Wednesday 30 July 2008

Salt Marsh Lamb

Has arrived from Edwards of Conwy.
Not cheap but ....

Tuesday 29 July 2008

Labour is doomed

And now not just Brown. If the Times is correct and Harman and Miliband are actively drawing up plans to challenge Brown (http://www.timesonline.co.uk/tol/news/politics/article4423052.ece) then Labour is doomed. The only difference is in the timing. Now we all know that we are not a presidential system and that the electorate do not elect Prime Ministers but the screams for an election if Brown is deposed would be long and very very loud and would probably be impossible to ignore. The authority of a new PM would be virtually non-existant from the start. I cannot see that a change in PM (contrary to what Janet Daly wrote in the Telegraph the other day) would significantly improve Labours chances - especially if the Conservatives start getting their policies out en-masse.

Which is greener?

We have the despised two week rota for rubbish - one week green (some plastics, paper, metal etc) and the next general household waste (black since that is the colour of the wheelie bin).

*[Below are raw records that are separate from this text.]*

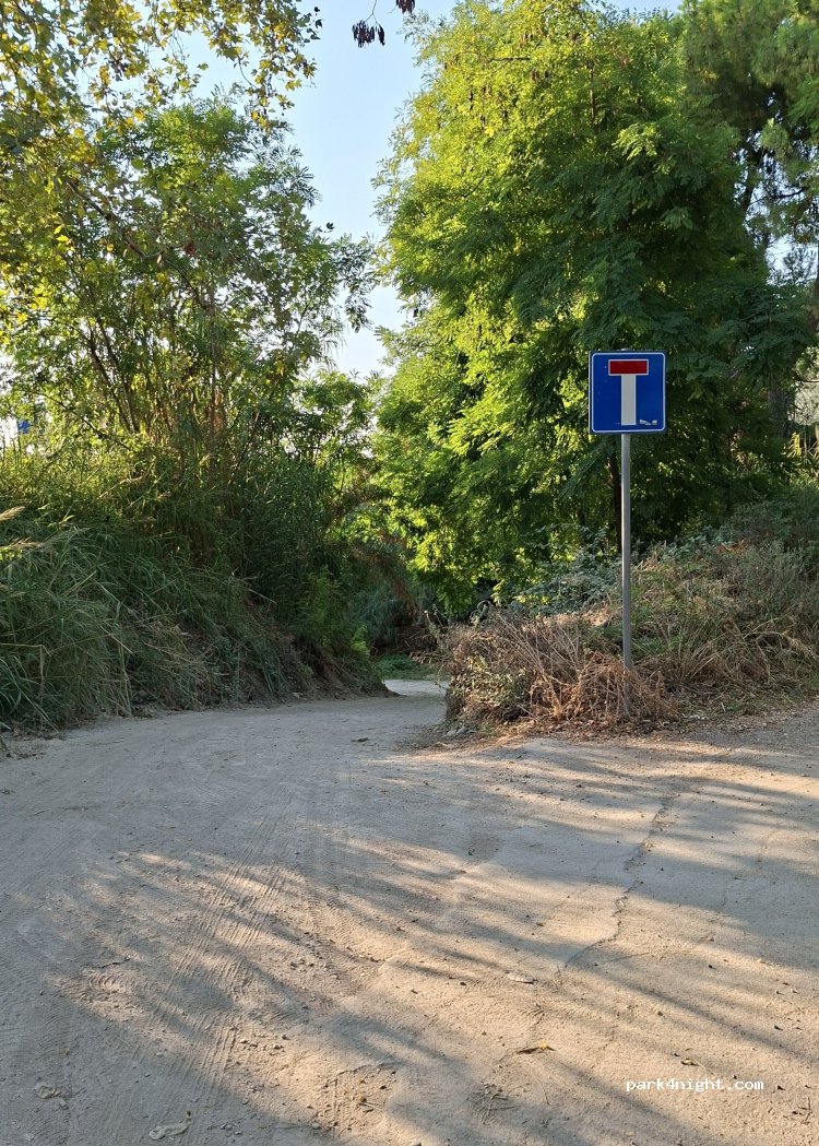 Small car parks after the bridge. People park every day to go to the seaside to swim and fish. In the evening it is very close to an overflow with a restaurant. Very peaceful and quiet. During the day people pass by on the cycle path. Advised.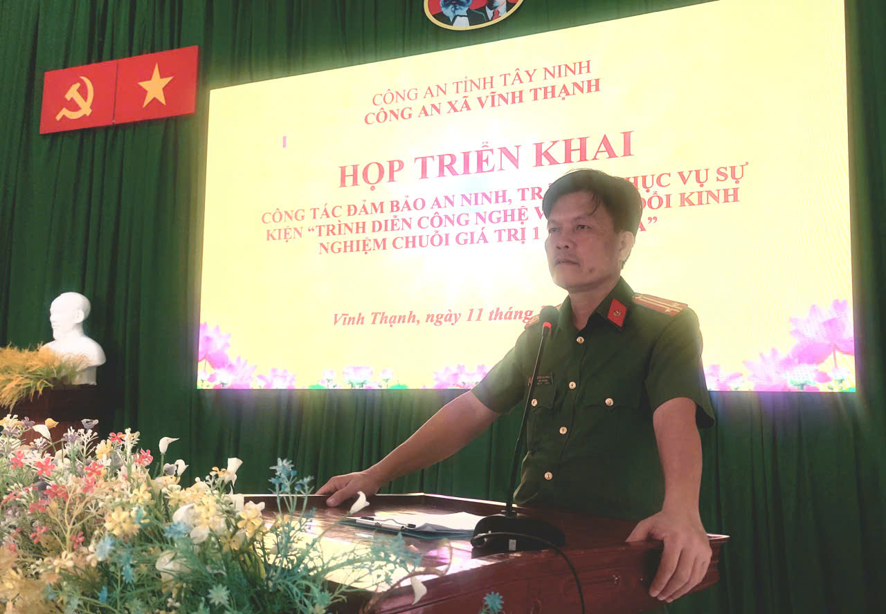 Tại hội nghị, Trung tá Nguyễn Giải Phóng - Phó Trưởng Công an xã đã phổ biến, quán triệt các nội dung trọng tâm trong kế hoạch bảo đảm ANTT sự kiện, phân công bố trí lực lượng tại các điểm bảo vệ nhằm chủ động phòng ngừa, phát hiện và xử lý kịp thời các hành vi vi phạm pháp luật, bảo vệ tuyệt đối an toàn sự kiện diễn ra trên địa bàn xã Vĩnh Thạnh.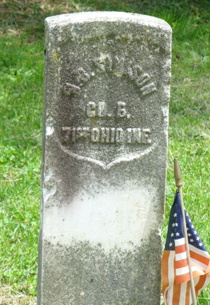 Civil War soldiers abound in Madison County, too. Among the veterans buried at the Prewett are Nathaniel Davis, far left, from the Indiana Infantry and N.B. Simison, left, from the Ohio Infantry. For Veterans' Day, America flags are placed at the cemeteries by the Veterans Administration. |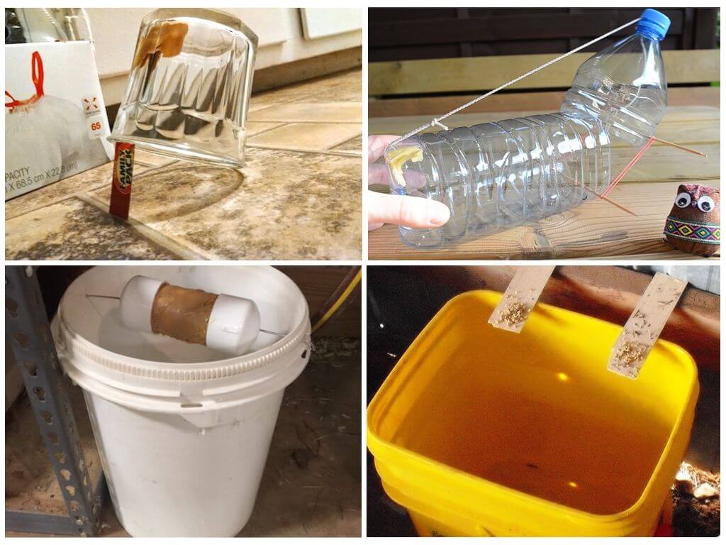 - Чтобы поймать мышь в доме, можно сделать ловушку из ведра с вертящейся бутылкой: для этого понадобится пластиковая бутылка на 0,5 л, которую нужно проткнуть спицей насквозь через дно и крышку. Спицу необходимо закрепить наверху стоящего ведра, а на бутылку намазать вкусную еду. Мышь забирается наверх ведра по приставленной дощечке, пытается дотянуться до приманки, бутылка прокручивается, и грызун падает вниз. В ведро лучше налить немного воды, т. к. мокрому животному будет тяжелее выбраться.

Now our council will not accept any black rubbish that is not in the wheelie bin (they will green) and so if you have extra stuff then it is a trip to the tip. It is obvious that we are not alone in that since last Saturday the queue to get into the tip banked itself nicely up on the main road outside.

Not everybody (including myself -we had some old bits of computer which could be recycled ) was dumping "black" rubbish but a lot of people were so I was left wondering how many extra carbon miles are done by people taking stuff up to the tip in the backs of their cars which would have been collected by the single council lorry a few years ago.

Monday 28 July 2008

Heaven sent

Well the heavens have just opened with an absolute torrent of water bringing to an end that period of very hot, sticky weather. Now warm - even hot - weather I like but not sticky since it makes my stump become raw and on really bad occaisons bleed; so I am not particually sorry to see it end.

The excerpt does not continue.